# Applecross - Pass of the Cattle



## Hezbez (Feb 7, 2009)

Just wondering if anyone has been brave enough (or foolish enough!) to take the South road into Applecross with a large motorhome and lived to tell the tale?

We went in from the North and out the South road. Quite an experience! But Applecross was definitely worth it!


----------



## CurlyBoy (Jan 13, 2008)

*Applecross*

Hi Hez, we have only crossed on motorbike, spectacular! Will do it in MH someday.
curlyboy


----------



## shingi (Apr 18, 2008)

We did it last year in a CI Carioca 5 and it was brilliant. I told my husband that I wanted to drive even though I felt a bit daunted. However, it was a wonderful experience. It was June and we only met a couple of vehicles comng in the opposite direction. We'll do it again next year.


----------



## firewood (Mar 17, 2009)

we hope to go in july this year


----------



## PeterandLinda (Feb 21, 2009)

Hi

I've been down it a couple of times in the past and it always struck me that the bends would be easier going up the pass, provided that you had enough power, and in theory traffic coming downhill should give way to those going uphill.

P&L


----------



## carol (May 9, 2005)

We have done it several times, in a 32' RV, a 19ft Hymer and a 22ft Hymer, and a car - not a problem, just stop in any passing place if you see something coming. Fun was with the RV when we met a large lorry delivering to Applecross, where there was no passing place, and it was on the level bit, with boggy side bits... not good but we managed it.

Supposedly there is a great view from the car park at the top - but every time we have been it as been cloudy - so should you be lucky and get a picture - can I please have a copy

Carol


----------



## dannimac (Jun 8, 2008)

I applaud you all. We've only done it in an Astra and I've never prayed so hard in my life! In my defence, we did meet 2 separate artics and had to reverse down 2 of the hairpins!

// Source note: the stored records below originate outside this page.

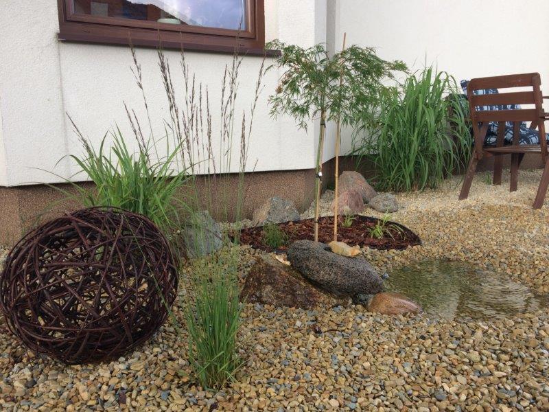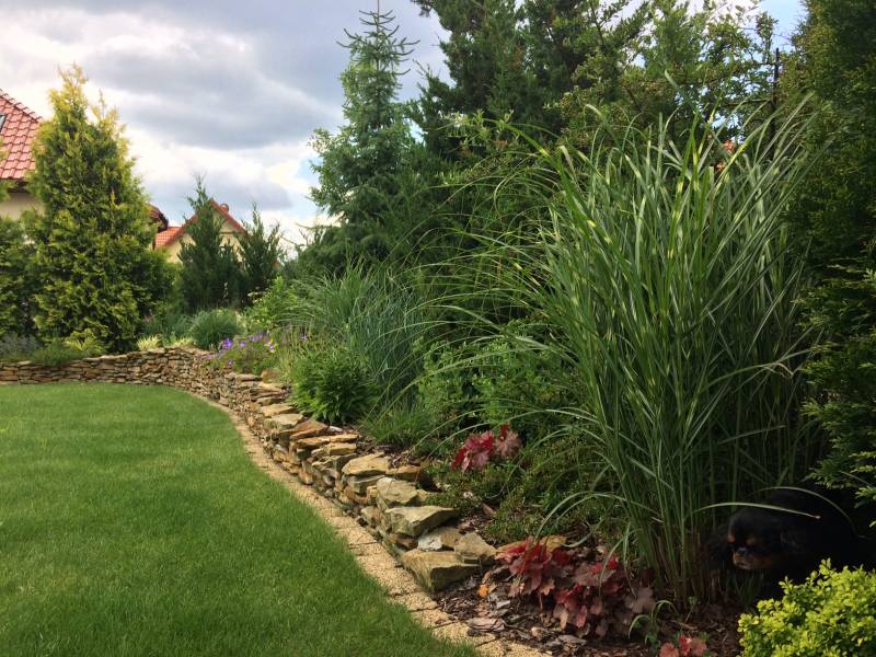 Z drobnych zmian..pojawiła się nowa trawa nad ciurkadełkiem.. Hakonki rosły na widoku i ciągle były podbryzane przez moje dwie kozy.. Przesadziłam je głębiej, żeby tak nie kusiły, a w ich miejsce pojawiła się molinia o dzwięznym imieniu Edit Dudszus
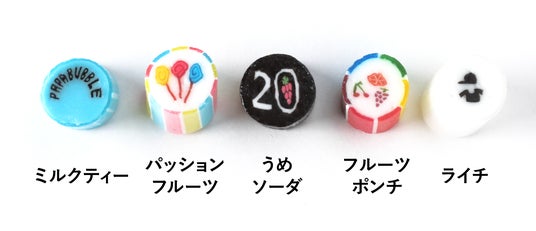 X(旧Twitter)で実施したお客様参加型の投票企画をもとに、特に人気の高かったフレーバーを厳選しました。またパパブブレを象徴するフルーツやロリポップ、職人のシルエットなどをモチーフにして、カラフルにデザインしました。
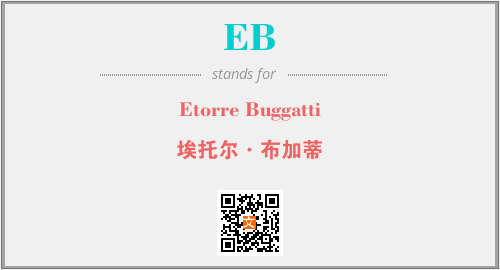 上述内容是“Etorre Buggatti”作为“EB”的缩写,解释为“埃托尔·布加蒂”时的信息,以及英文缩略词EB所代表的英文单词,其对应的中文拼音、详细解释以及在英文中的流行度和相关分类、应用领域及应用示例等。
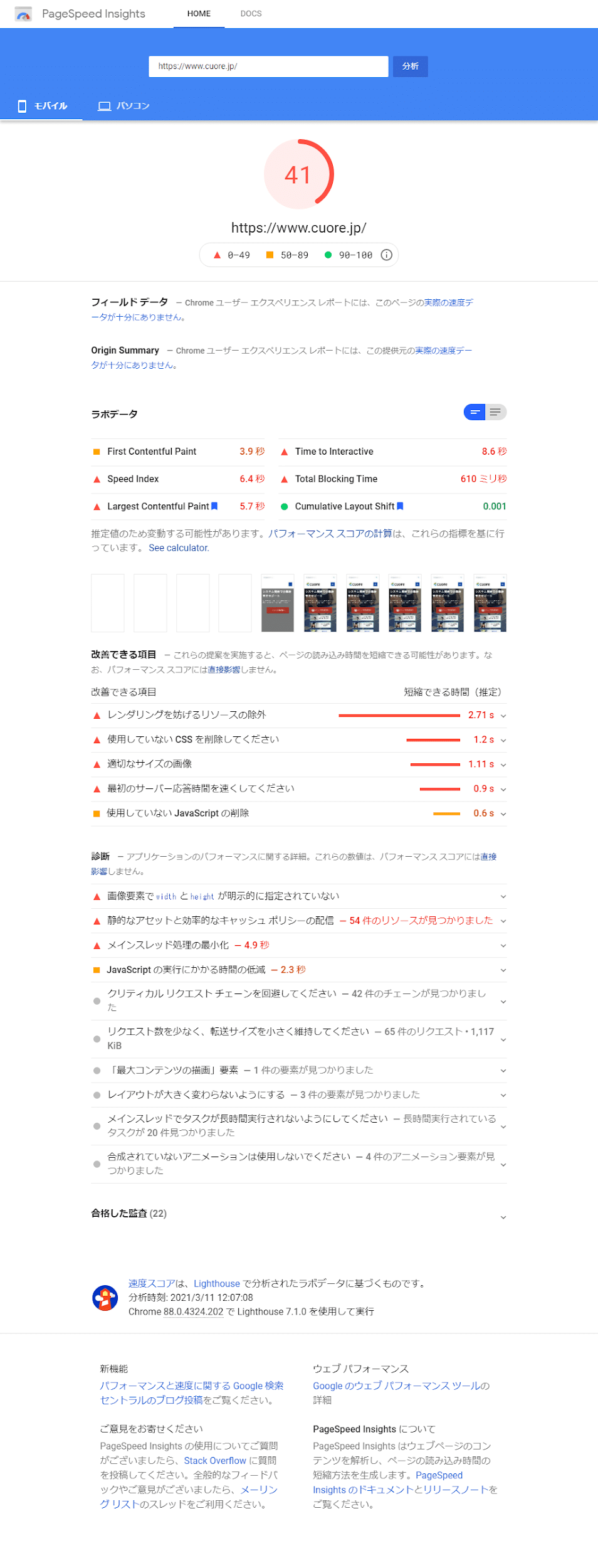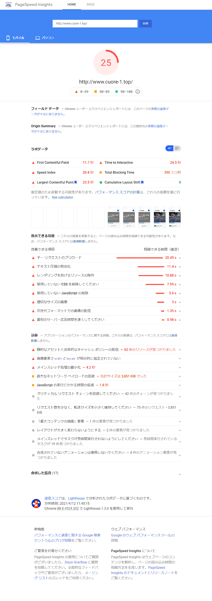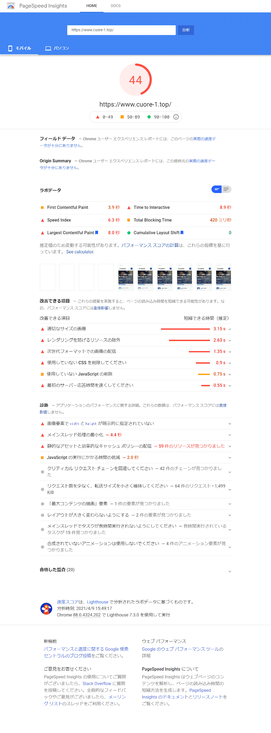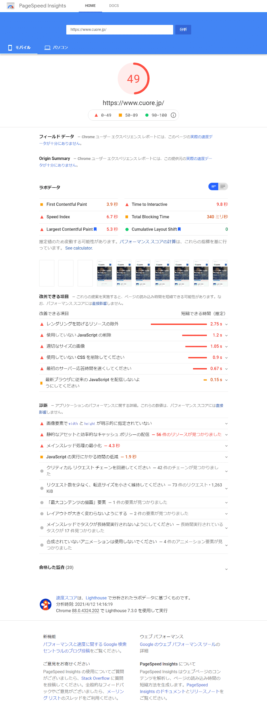 PageSpeed Insightsの結果

Think Applecross is totally worth it though. We loved the beach too.

D


----------



## Codfinger (Jan 11, 2008)

*Applecross pass*

Hi, we did it last summer in our Rapido without any problems, we had one night on top and the veiws across to Skye in the morning were outstanding (would post some but cant work it out any more) however the midges were just as bad up there too


----------